According to the SARMD protocols, if the raw data does not have the necessary information to harmonize a particular SARMD variable, the variable must still be included in the dataset as a vector of missing values. If the variable is absent from the dataset, it could be the case that the raw data contains the necessary information to harmonize such variable, but it has not been harmonized yet; or that there is no information in the raw data and previous harmonizers decided not to include it in the variable as a vector of missing values. As it is impossible to know what the correct answer is, figure 10.1 shows all the variables that have not been harmonized in each dataset available in SARMD.

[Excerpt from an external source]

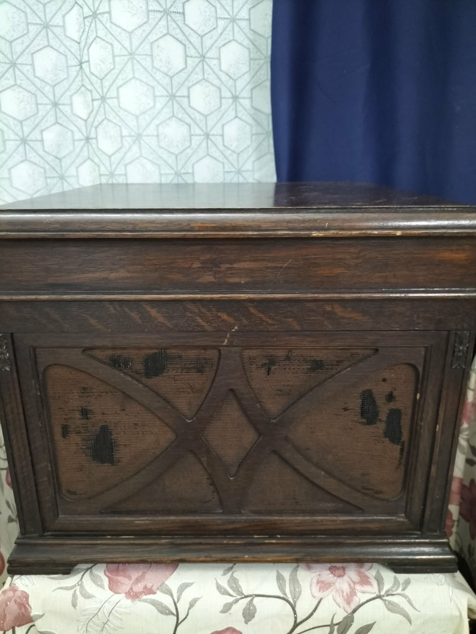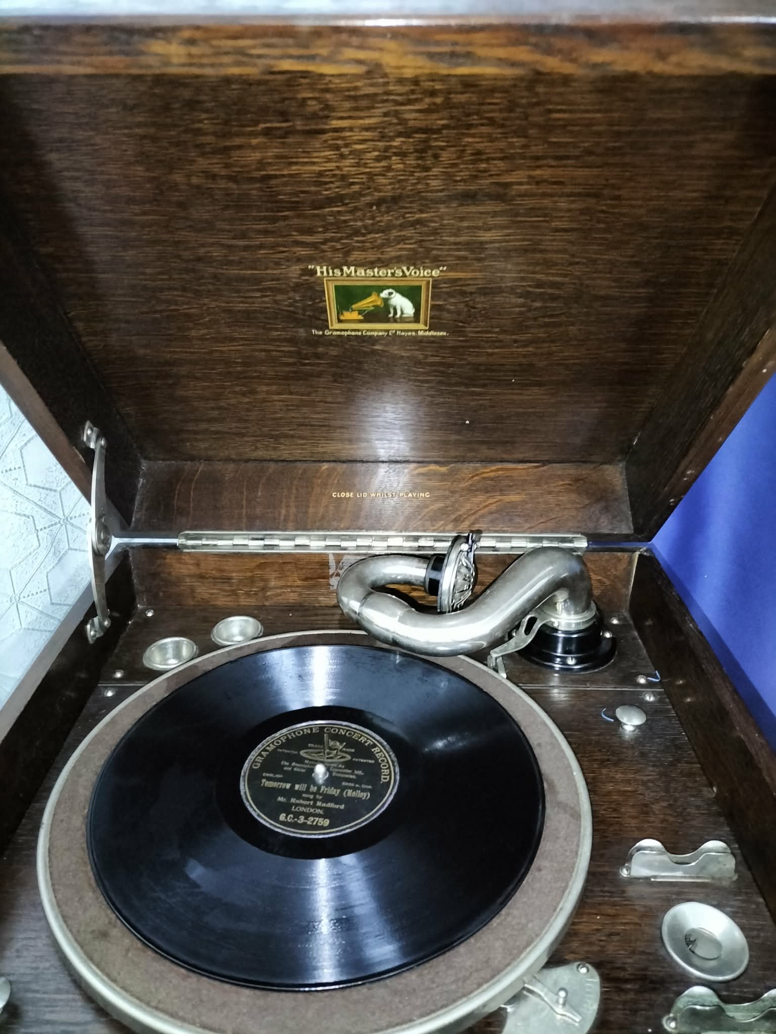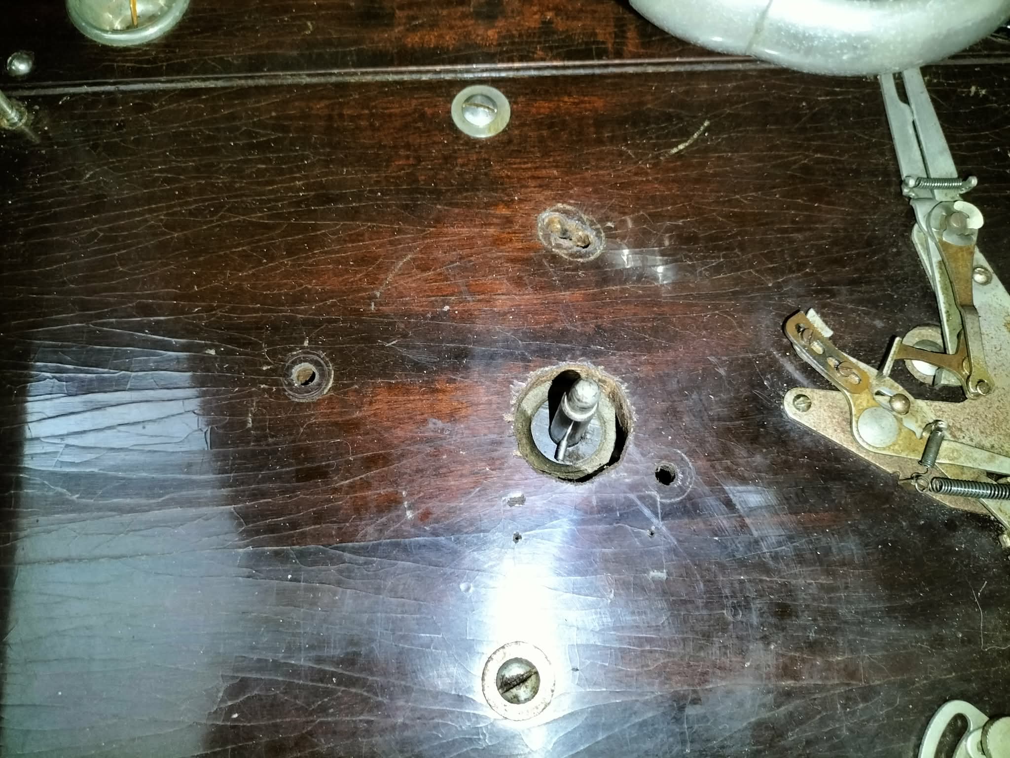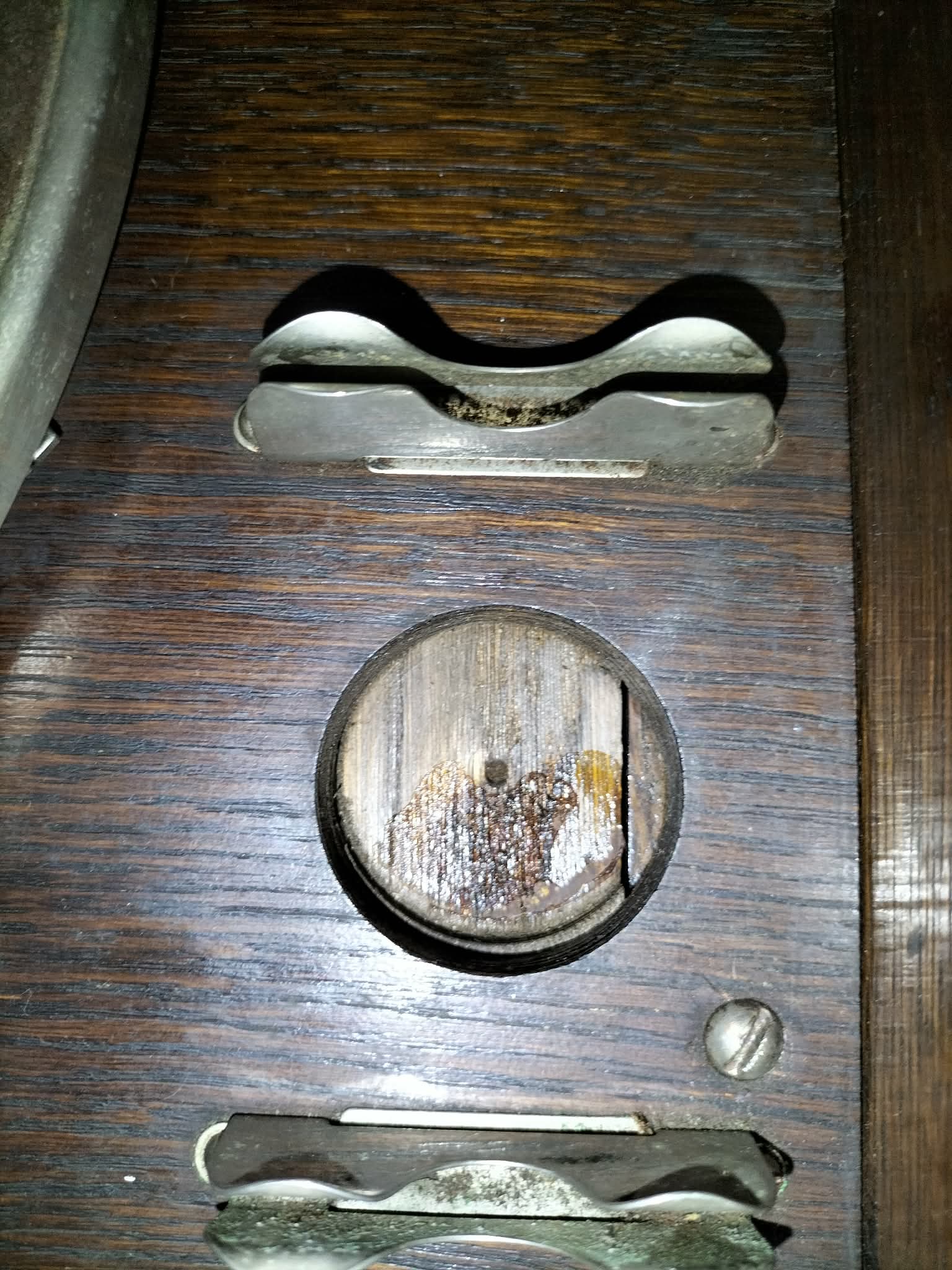 (1) The wood cabinet may have been refinished as it's unusually bright. It does not have that kind of tiger stripes as I usually see on HMV 130 to be confident that those are made of oak. This rather has consistent parallel patterns. Is it more likely to be mahogany wood? Was this sensible and was HMV 130 offered in mahogany wood?

For example, note that all the variables of the assets category are absent from the datasets of the Maldives in 1997 and 2004. Another example, Pakistan 2015 lacks several variables of the assets category that were present in the surveys of previoues years. Moreoever, some variables like landphone
, cellphone
, and computer
that are present in 2015, were absent before 2015.
For thosse varaibles that are not absent in the dataset, figure 10.2 shows the share of observations with missing values in each dataset. For example, variable welfare
, which is used to estimate poverty and inequality meadures, is mostly available for all the observations of the SARMD datasets. However, Nepal 2010 has an astonishing 18% of missing values in such a variable. In other words, almost a fifth of the households surveyed in 2010, are not included in the any socioeconomic indicator of Nepal.
Finally, figure 10.3 shows for each variable its proportion of missings (like fig. 10.2), proportion of zeros, and mean.